The geothermal potential of the country is enormous, and the hon. Member for Falkirk (John Mc Nally) set out what the potential would be, in electricity and heat, for the UK were we to proceed seriously with geothermal energy. Perhaps a limiting factor is the fact that geothermal energy is not available everywhere in the country. We need to be clear about the fact that deep geothermal is available on the basis of three different kinds of site. Basins with very ancient water at the bottom are one kind of site. Another kind, which require slightly different technology, are areas with radiothermal granite batholiths. I believe that the Minister, as a first-rate geographer in her time, will know all about batholiths and lopoliths and various other things. We have quite a lot of radiothermal batholiths in the UK, with naturally occurring radioactive-based heat coming from deep within the earth’s crust. Another kind of site relies on the availability of technology to release heat by putting water down one pipe and up another, giving geothermal as a result.
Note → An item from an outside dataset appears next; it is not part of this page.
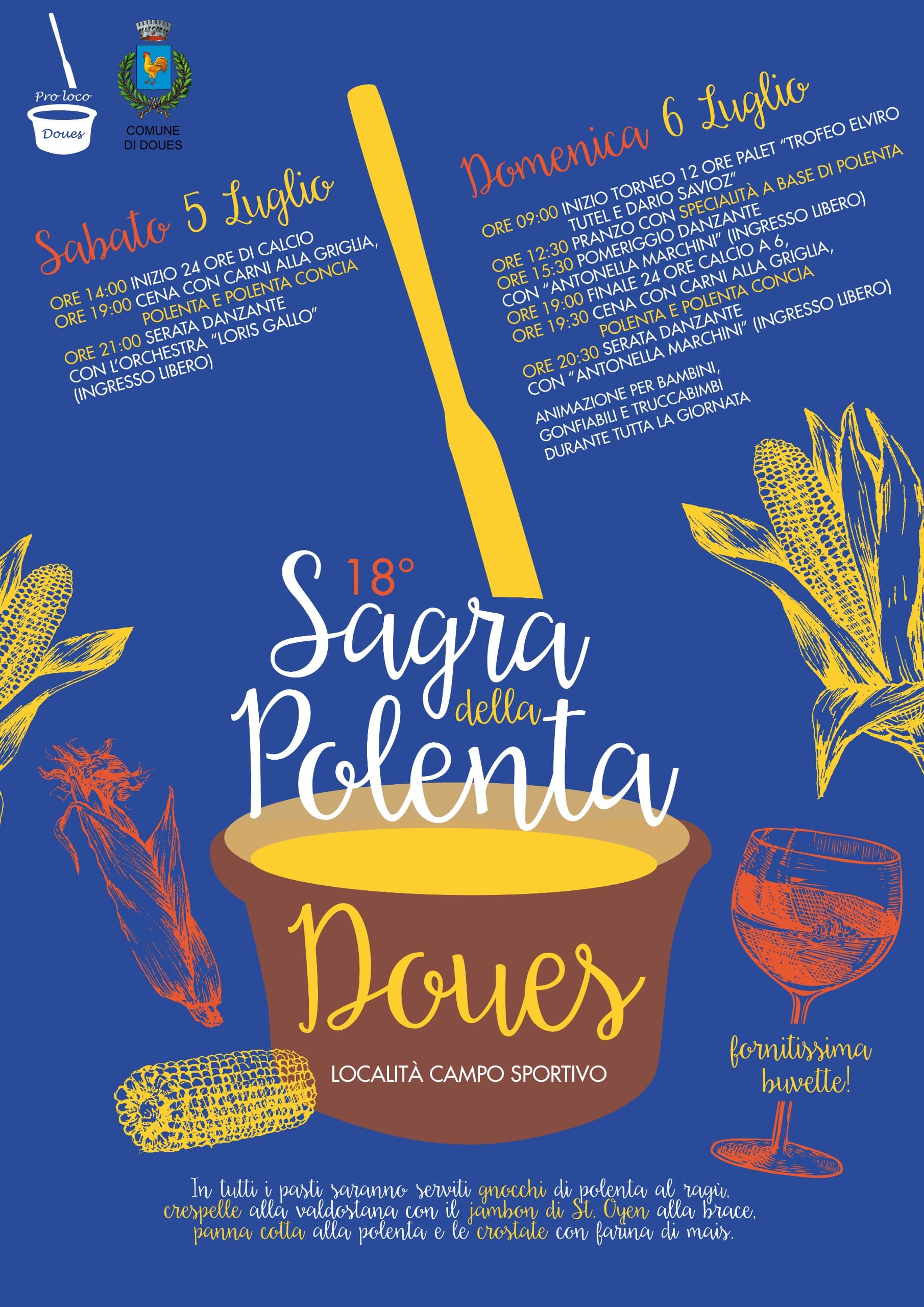 Durante tutti i pasti saranno serviti polenta, polenta concia, gnocchi di polenta al ragù, crespelle alla valdostana con il Jambon alla brace di Saint-Oyen e i dolci preparati con farina di mais.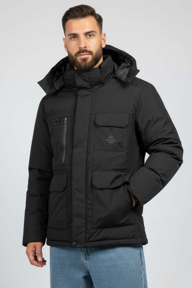 Kapüşonlu Cepli Mevsimlik Erkek Mont Siyah

As my hon. Friend the Member for Bishop Auckland mentioned, lower-temperature geothermal resources arise from abandoned mine workings. With heat-concentration techniques that is not a problem, in terms of concentrating the heat to get into production either for heat distribution or, indeed, for making steam to generate electricity.

As hon. Members have kindly mentioned, I have an interest in the debate because I think I can claim to be the only sitting Member of Parliament who has directly set up a geothermal energy scheme. I know a little, therefore, about how it all works. That scheme is based, as has been mentioned, in the middle of Southampton in a not particularly prepossessing shed, with a small wellhead in the carpark of the former Toys R Us store. That unprepossessing setting hides a well, drilled to about 1,800 metres. Water comes up at just over 70° Celsius and is converted into the material for a district heating scheme by a heat exchanger and concentrator. Now Southampton has a city centre district heating scheme with some 17 km of pipes, covering the university, the civic centre, the country’s only geothermally heated hypermarket and a five-star hotel. In other words, there is a complete city centre arrangement, heated substantially by geothermal energy. Not only that, but it has been heated in that way on an untroubled basis since 1987, and will continue to be so until 2087 on present estimates of what may be available. That is the potential, in practice, for geothermal energy.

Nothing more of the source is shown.